One could drive an entire Arkansas wagon train through the historical gaffs and holes-in-the-truth in that one.
During the siege, fifteen emigrant men were killed in the fighting or while trying to escape.
Killed in the fighting? Most were shot down in cold blood during the initial sneak attack... And the ones who tried to escape were captured by Mormons and murdered as well...

Similarly, a more honest account of the stories of the survivors would read, "Seventeen children were spared by the individuals who'd executed their parents. After two years, federal officers removed them from the Mormons who'd been keeping them, and eventually the United States government facilitated their return to their Arkansas relatives."

There is, incidentally, no hard evidence that one or more of the surviving children may have been hidden away and remained in Utah. Popular stories exist to this effect, and Juanita Brooks appears to have believed them, but there's little consistency in their telling. (per Will Bagley's "Blood of the Prophets")

Incredibly, the site also appears to serve LDS genealogy purposes. I happened on it by doing a bit of Googling about Isaac C. Haight, and the following appeared. I was so dumbfounded by what I encountered, I've forgotten what I wanted to learn in the first place...

http://www.mtn-meadows-assoc.com/isaac_haight.htm

This one ripped me right in my innards...

"The territorial militia (affectionately, the Nauvoo Legion)"

BTW, I've had an e-mail dialogue with an individual whose ancestors were from Cedar City and elected to "hide out" when the call for said militia was given. This is pretty conclusive evidence they were aware what fate was planned for the emigrants, and they elected to avoid participating in the slaughter.

And even the report on the Haight history is strong evidence the massacre was planned well in advance and claims the emigrants provoked the Cedar City residents amount to a lot of nonsense.

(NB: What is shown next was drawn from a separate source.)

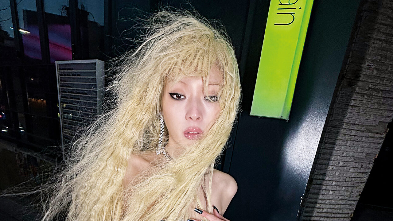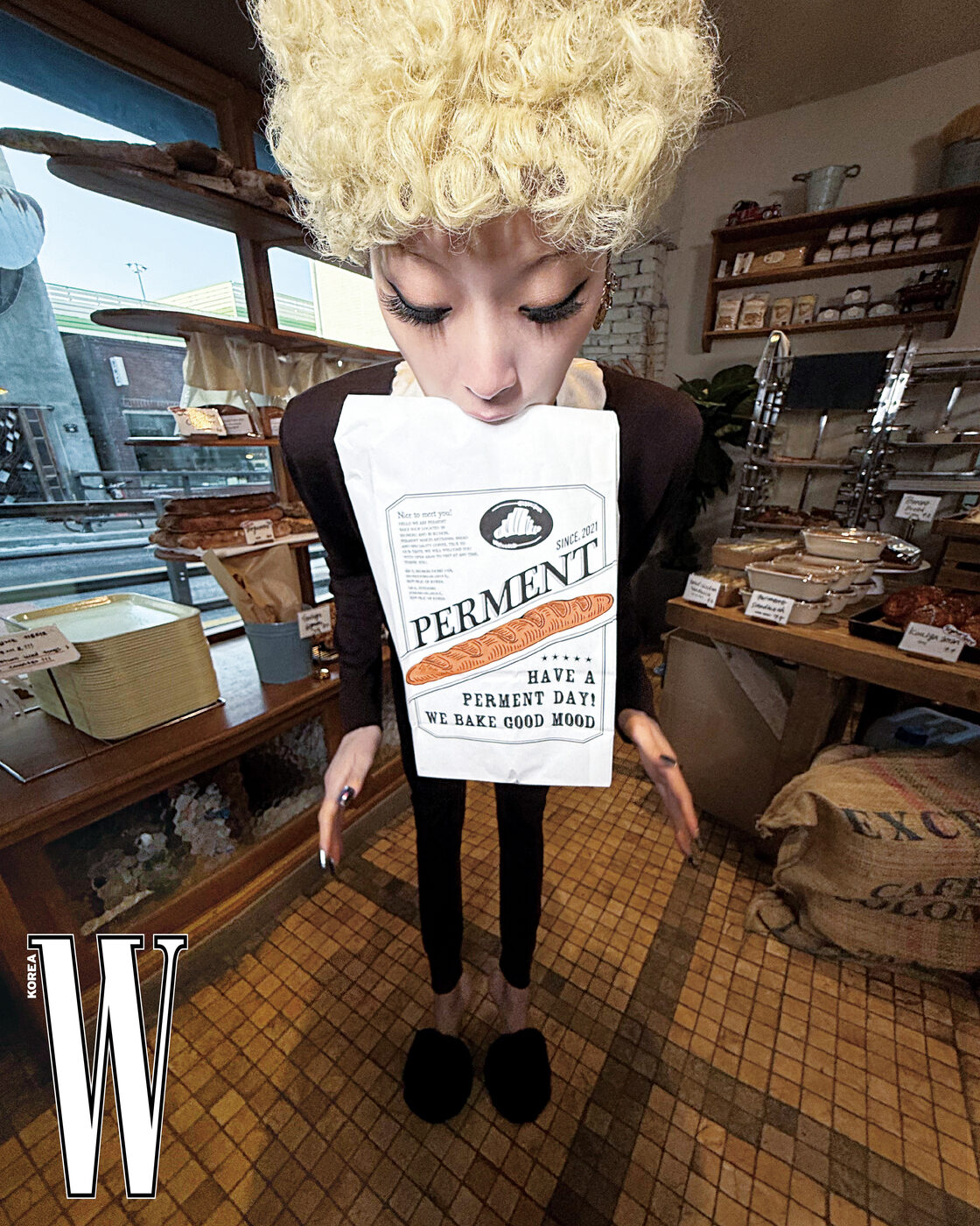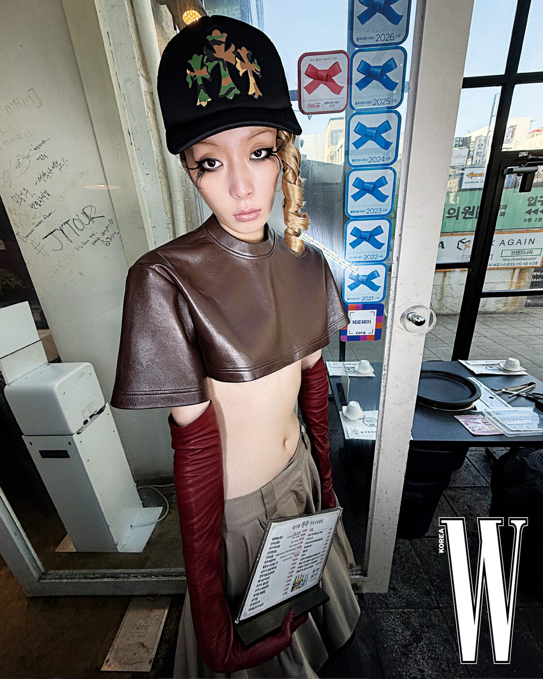 모자는 크롬하츠, 크롭트 톱과 롱 글러브, 벌룬 팬츠는 발렌시아가 제품.

"Several meetings were held in Cedar City and Parowan to determine how the "War Orders" should be implemented. The militia decided that the Fancher train should be eliminated."

The Fancher/Baker Train arrived in Cedar City on Friday afternoon, left soon afterwards, and the intial attack took place fifty miles away on Monday morning. That's clearly close to the limit of how far a wagon train with 800 head of cattle and several hundred horses could travel in that length of time.

And it's absurd to suggest that it's possible to hold a meeting on Saturday afternoon, decide to commit mass murder, and assemble 40 or more men and a number of Indians and launch a sneak attack within that time frame.

Finally, in hopes of seeing at least some in-depth reporting and analysis on the subject, I clicked on the link "Reports - Scientific Data"

http://www.mtn-meadows-assoc.com/scientific_data.htm

This gave me a second link that only offered an "inventory" of the forensic remains accidentally uncovered during the 1999 monument reconstruction.

Here's a more comprehensive report on that subject:

http://1857massacre.com/MMM/passiveroll.htm

MORMON Massacre at Mountain Meadows:
Forensic Analysis Supports Paiute Tribe's Claim of Passive Role

A new forensic study lends credence to Paiute Indian claims that the tribe did not participate in the infamous Mountain Meadows Massacre of 1857 to the extent history has recorded.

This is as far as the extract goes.